When It’s Okay to Evict a Tenant
By Teresa at 15 January, 2010, 3:19 am
On this site, we’ve covered the importance of clear rental agreements and leases a dozen times or extra. And we’ve confirmed that the link linking landlord and tenant is strictly a business one. Never does that distinction become extra vital than when it’s time to evict a tenant.
Even landlords who choose tenants very wisely, who run all the right credit checks and background screening checks, and who have excellent, professional relationships with their tenants will face the inevitable exile soon or later. And, if that landlord is a compassionate person, he or she might not believe excellent about doing it.
This economy has made it tough for all. Tenants are losing jobs and landlords are having a hard time filling rental vacancies—there’s no skepticism the business has changed drastically over the past year. But even in this economy, landlords must look at exile as a business choice—hard as that can be.
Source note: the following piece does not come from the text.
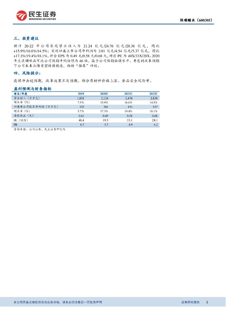 民生证券:恒顺醋业(600305)-19年年报点评:2019年圆满收官,长期变革仍可期.pdf

Is it okay to evict a tenant in this terrible job and rental market? The pledge is “yes.” If you’re in skepticism, pull out the rental or lease agreement. Read it over. Check off the terms and conditions that your tenant has failed to honor. Hark back yourself that when your tenant signed that lease agreement, he or she agreed to abide by all of those terms and conditions. And they agreed that if they broke the agreement, you had the right to pocket action, including exile.
You took a chance that the tenant would uphold their end of the bargain, just as you performed all the duties you agreed to. In complimentary this tenant, you conducted your due diligence, mitigated your risk through tenant screening, and verified employment and tenant credit history. Though it was based in smart business practices, you still took a chance.
When it turns out that the tenant and you both made a mistake in entering into the agreement, then choosing to evict is okay. When it turns out that, despite the best efforts on both sides, the terms of the rental agreement cannot be upheld by the tenant, then choosing to evict is okay. Making the best business choice you can when a tenant breaks the rental agreement is okay.
This is just one reason a strong rental or lease agreement is the foundation of every landlord/tenant link.